Full elections have three phases and an optional fourth phase (Primary):

  1. Question Collection
  2. Nomination
  3. Primary
  4. Election

Please participate in the moderator elections by voting, and perhaps even by nominating yourself to be a community moderator!

I’m another of the pro tem moderators. Apart from that I’m just an average LaTeX user who is still struggling with the basics (as evidenced by my questions to answers ratio).

I’m using LaTeX for almost every document format and am also trying my hand at some package programming.

My moderation is very straightforward: intervene as little as possible; after all, this website is explicitly community driven. In the time since the creation of this website this has worked quite well. But I’m absolutely open to suggestions on how the moderation style can be improved.

I humbly nominate myself as a candidate for TeX SE moderator.

I have been using TeX for nearly 20 years (holy $&@!! did I just write that?) and LaTeX for a slightly shorter time period. I use beamer and pgf nearly every day for my instructional materials, which you can find on my slideshare page. I have no packages or classes on CTAN but I have several projects which could eventually make their way there. Since I stumbled upon this site a few months ago I've been happy to contribute but also learned a great deal from the great young TeX developers in this community.

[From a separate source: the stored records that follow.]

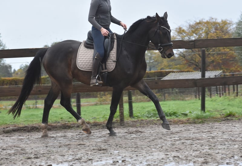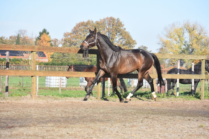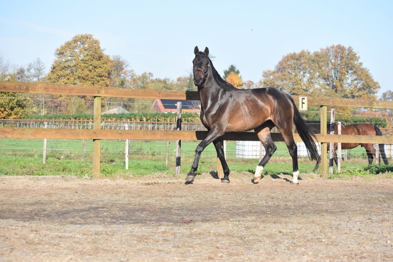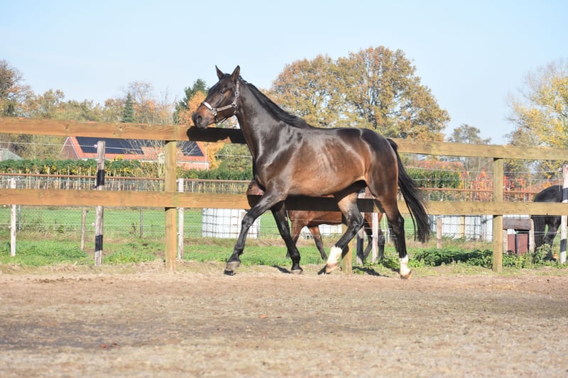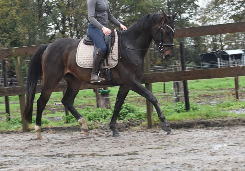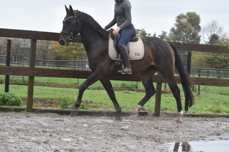 Meet Valesco van de Melane. We had the pleasure of acquiring him directly from the breeder, together with his stablemate Voltaire van de Melane. What a gem! A stunning, black-brown 4.5-year-old gelding approximately 1.68 m tall, with an impressive pedigree: Lavillion x Akribori x Ulft. A perfect combination for both dressage and show jumping. Valesco is truly a sweetheart of a horse. In the stable, he captures everyone's attention with his charming presence and thoroughly enjoys a cuddle. Under saddle, he demonstrates his willingness to work and his calm, sensible nature. He is very pleasant to ride and offers his rider a good feel in the hand. He has been radiographically and clinically examined, with sound legs, back, and neck. With his talent and versatility, Valesco offers many possibilities. He is a horse with a bright future, suitable for both sport (dressage and jumping) and recreational riding. He is well-versed in traffic and trailer loading, both now and in the past. Very social and free of any (stable) vices. Valesco is in excellent health and moves with great cadence, balance, and freedom. Price: €9,750 – including brand saddle and bridle.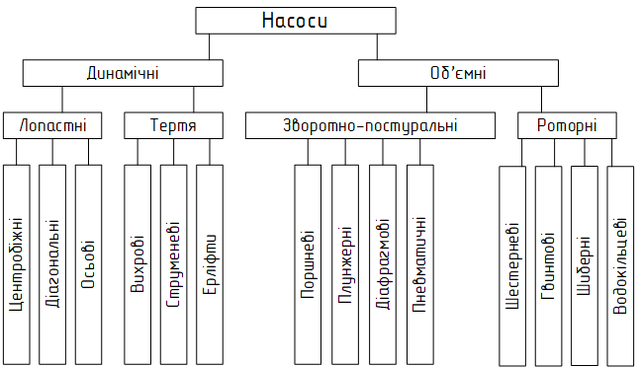 Класифікація гідронасосів – це складне і неоднозначне завдання, оскільки існує багато їх типів. Насоси класифікують за низкою ознак: за призначенням, принципом дії, сферою застосування, величиною подачі та напору. Стисла їх характеристика наведена на мал.1.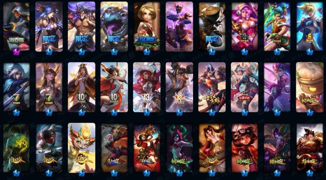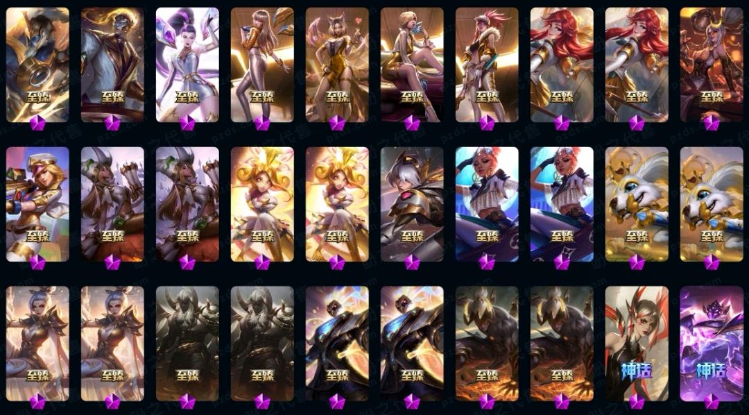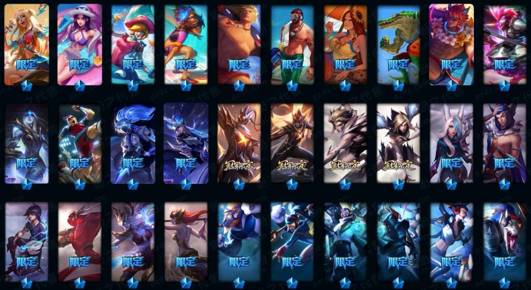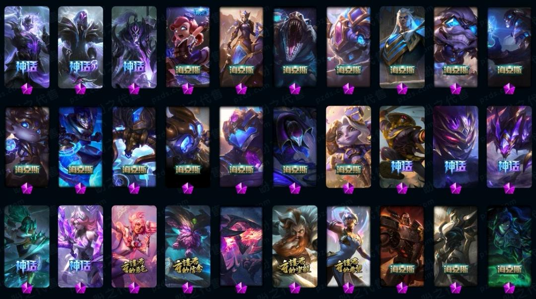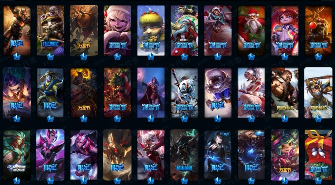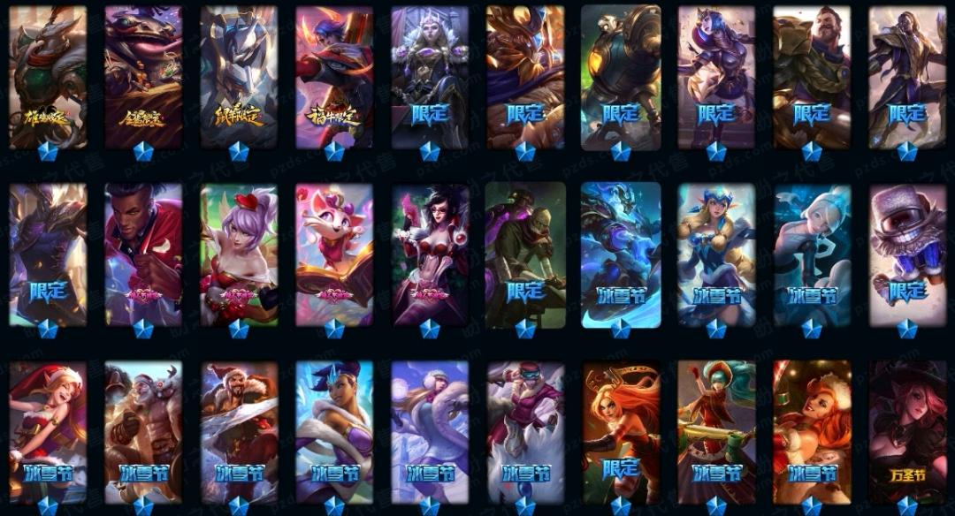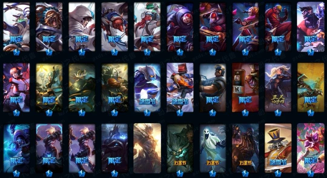 【传说皮肤】黯黑魔龙希瓦娜 黯晶凤凰艾尼维亚 暗星锤石 暗星女王拉克丝 奥德赛凯隐 霸天零式赛恩 霸天异形卡兹克 冰川巨兽墨菲特 冰霜亚龙希瓦娜 冰霜之刃艾瑞莉娅 苍穹之光韦鲁斯 大天使长米迦勒凯尔 电玩女神娑娜 第三类接触黑默丁格 地狱行者孙悟空 地狱之门卫士加里奥 恶魔男爵瑞兹 恶魔之刃泰达米尔 符文战熊沃利贝尔 钢铁军团盖伦 钢铁之翼凯尔 光明哨兵薇恩 灌篮高手德莱厄斯 鬼魂新娘莫甘娜 黑夜使者亚索 合金巨兽努努和威朗普 红色男爵库奇 金牌主播德莱文 枯萎之壤泽拉斯 炼狱魔犬内瑟斯 烈焰雄心崔丝塔娜 黎明使者锐雯 黎明使者索拉卡 灵魂莲华锤石 灵能特工娑娜 陆地王者4WD布里茨 律政大亨蒙多 魔幻卡牌崔斯特 女皇艾希 女警狙击凯特琳 女校长菲奥娜 欧米伽小队幽灵特工 偶像歌手阿狸 苹果机器人布里茨 蔷薇绅士杰斯 丧尸布兰德 上古战魂魔腾 神龙尊者圣龙李青 神龙尊者昼日真龙亚索 神拳李青 绅士科加斯 神王德莱厄斯 神王盖伦 双重冰晶艾尼维亚 死亡骑士盖伦 太空律动猫猫布里和里茨 天煞劫 铁哥们儿奥拉夫 提莫约德尔人的一大步 屠龙勇士潘森 未来战士凯特琳 西部魔影卢锡安 西部天使艾希 邪鸦魅影乐芙兰 腥红之月鬼武姬阿卡丽 星之守护者阿狸 星之守护者金克丝 星之守护者拉克丝 星之守护者洛 血石领主弗拉基米尔 驯龙炮手崔丝塔娜 驯龙学者黑默丁格 焰尾妖狐阿狸 影执事劫 银河魔装机神兰博 泳池派对吉格斯 源计划超体莫德凯撒 源计划毁灭派克 源计划净化薇恩 源计划联合艾希 源计划林易 约德尔国队长提莫 月蚀骑士蕾欧娜 宇航员诺提勒斯 战场女武神凯尔 战地机甲厄加特 战地巨兽科加斯 战斗学院凯特琳 战斗学院伊泽瑞尔 至尊魔女莫甘娜 最终BOSS维迦

As a moderator I will do my best to perform the requisite janitorial tasks diligently. I will also strive to improve site content by coaching good questions and good answers; that is, suggesting and occasionally making edits that would improve their readability, findability, or usability in the future.

Tag wikis have been mentioned as fertile ground for improvement, and I agree. I will encourage those who are frequent answerers within those categories to write informative wiki pages on what the tags describe.

Thank you for your consideration.

I'm Stefan. On our {TeX} site, I served as a moderator pro tempore, helping to have a good start. Now I would like to join the election and volunteer as a candidate for a moderator position.

Besides TeX, I like travelling, photography, mathematics and IT, especially networking and programming. I'm a lucky guy, living how I like it: I studied mathematics, then I worked as IT Admin and Communication Officer onboard of cruise ships. More than 10 years I travelled on sea around the world for two cruise companies. Some of the photos, which I made during these voyages, I put on twentyknots.com.

Working with a ships crew is great. I'll continue even if I mainly stay ashore now. Since January I'm employed as a Network & IT Security Engineer at a cruise company, supporting also our onboard IT & Communication in terms of networking as well as being involved in building new ships.

I'm a friend of Open Source, Linux user and of course TeX admirer. Now we are back on the TeX subject. I'm using LaTeX since I started with maths at the university. As maths student I joined the German Matheplanet, a great math forum with more than 22.000 registered users today. It's been my first forum experience. There I received some LaTeX and moderation awards and served as contact person of it's LaTeX workgroup. I supported LaTeX on several further math forums as well as on other platforms such as goLaTeX.de and several Unix/Linux and Mac forums, occasionally. I've been moderating on LaTeX-Community.org, at the moment not very active there. I omitted links, but you could easily check out more than 10.000 ealier posts by me. I'm sure each one is friendly and constructive, so I can frankly uncover my history, traceable by search engines or the links to such forums here. Though I read in the Usenet since its beginnings, I did not write on c.t.t. - the group shows professional competence but isn't familiar for me.

I'm writing a blog about TeX and friends, http://texblog.net. When I write about news in the TeX world, they also go to the news corner of some TeX related web forums. It's nice to read comments and surprising backlinks.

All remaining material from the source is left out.